Su desarrollo comercial era fuerte y era también el principal de toda la zona occidental de El Salvador. Los habitantes de Ahuachapán, Atiquizaya, Chalchuapa y Turín, por mencionar algunos, veían en Santa Ana la ciudad del progreso, el lugar donde hacer buenos negocios o poner a sus hijos a estudiar, la urbe más parecida a San Salvador, sin llegar a ser asfixiante y acelerada como la capital.
En esa morena cuna santaneca, inmersos entre vientos de cambio y de tradición, nos desarrollamos Miguel, Virgilio y yo, en ese sitio lleno de fuertes costumbres y de novedades que se iban abriendo paso y camino, en un país que soñaba en grande, en un El Salvador pujante de ganas por emerger de la pobreza, pero que en su mismo deseo tenía también, según lo creo yo, clavado el germen del mal, del egoísmo y de la falta de verdadero patriotismo: un país entregado y devorado por las transnacionales y obedeciendo al pie de la letra las órdenes del imperio estadounidense. Un país sin una real independencia, amargado en sus entrañas por la pobreza de la mayoría de sus habitantes, con sus colonias y barrios nutridos por gente paupérrima, que había venido del campo para tratar de sobrevivir en la ciudad. ¡Las migraciones internas de la pobreza!
No todo era desesperanzador. Había también una clase media incipiente, que irrumpía con fuerza y ganando cierto poder adquisitivo, conformada especialmente por profesionales como abogados y médicos, comerciantes y empresarios, que buscaban sobresalir y elevarse a otro peldaño más de la escala social.
Pero la Historia tiene muchas caras y muchos paisajes. Las vertientes de la soledad, de las manchas de la opresión y de la falta de libertad de expresión, inundaban asimismo las calles de ese El Salvador de los años ´60, que hoy parece tan lejano en el tiempo, pero tan cercano en su médula, en sus profundidades colmadas de injusticia social. Al verlo con hondura, El Salvador de aquellos días era con certeza un verdadero caldo de cultivo de la guerra civil que explotaría a principios de los ´80 del siglo pasado.
Sin embargo, Virgilio, Miguel y yo estábamos en una realidad más benévola. Nuestros padres, todos de clase media, nos podían dar lo básico para vivir y desarrollarnos, para disfrutar incluso de ciertas diversiones que ni en sueños podían alcanzar los habitantes de los barrios marginales.
El destino, que puede ser una brisa o una tormenta caprichosa, quiso además que, en aquella ciudad que nos había abrigado como una madre, habitáramos muy cerca los unos de los otros, así que el mismo barrio y las mismas calles de asfalto nos vieron crecer.

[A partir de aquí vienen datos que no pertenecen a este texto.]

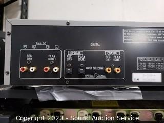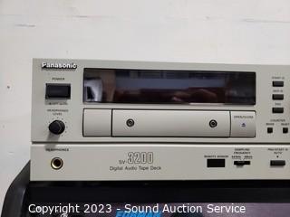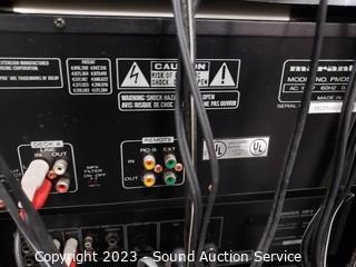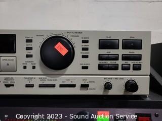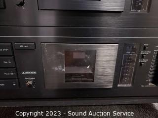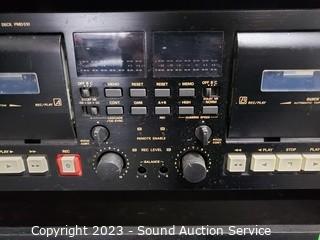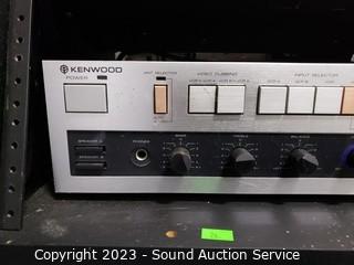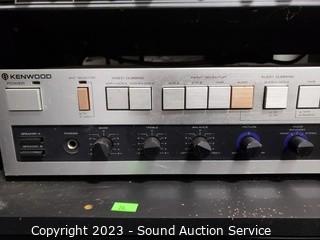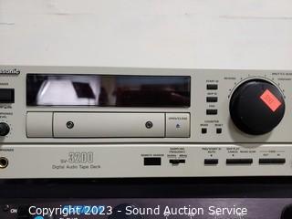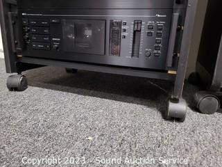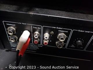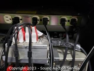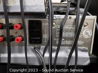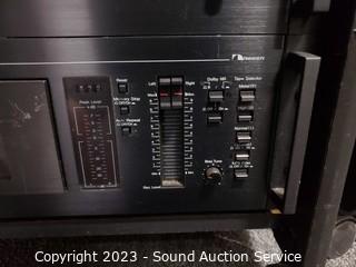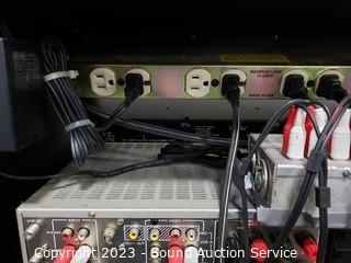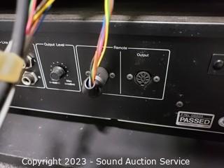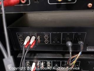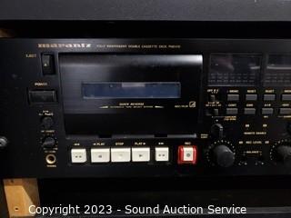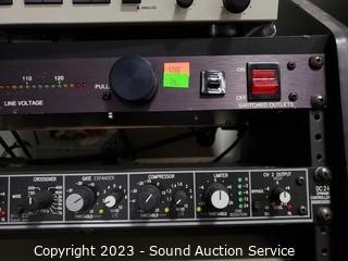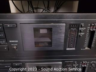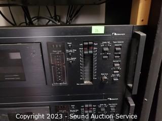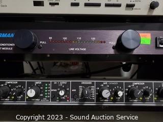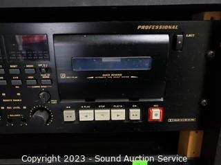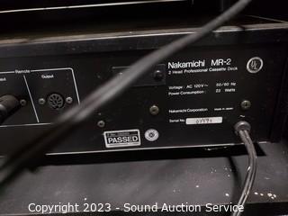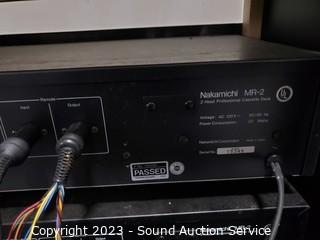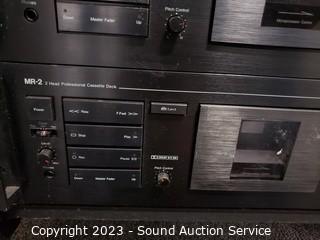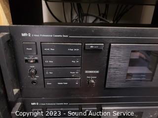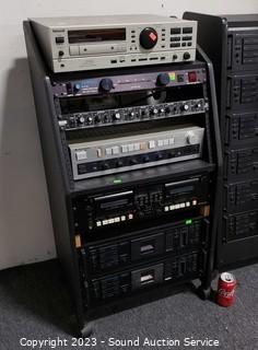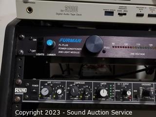 Lot Details: Includes Panasonic SV-3200 digital audio tape deck, Furman PL-Plus power conditioner & light module, Rane DC34 dynamic controller, Kenwood audio video amplifier model KVA-502, Marantz fully independent double cassette deck model PMD510 and 2 Nakamichi MR-2 2-head professional cassette decks. All units have power otherwise untested, one bulb/light on the Furman unit is out. Rack has some wear to the finish, 36" x 20" x 16".

Desde niños habíamos andado de un lado para otro en los juegos de infantes mocosos. Y así, habíamos recorrido juntos el paso de la infancia a la adolescencia y habíamos seguido juntos el camino de esa flor de la vida: la adultez.
De los tres, sólo Miguel no había nacido en Santa Ana; sino en México, pero a los tres años de edad sus padres (madre mexicana, padre salvadoreño) se vinieron a El Salvador y se establecieron en «La Ciudad Morena». Los otros dos, Virgilio y yo, habíamos nacido en el mismo hospital, el mismo año y casi a la misma hora, aunque en fechas diferentes.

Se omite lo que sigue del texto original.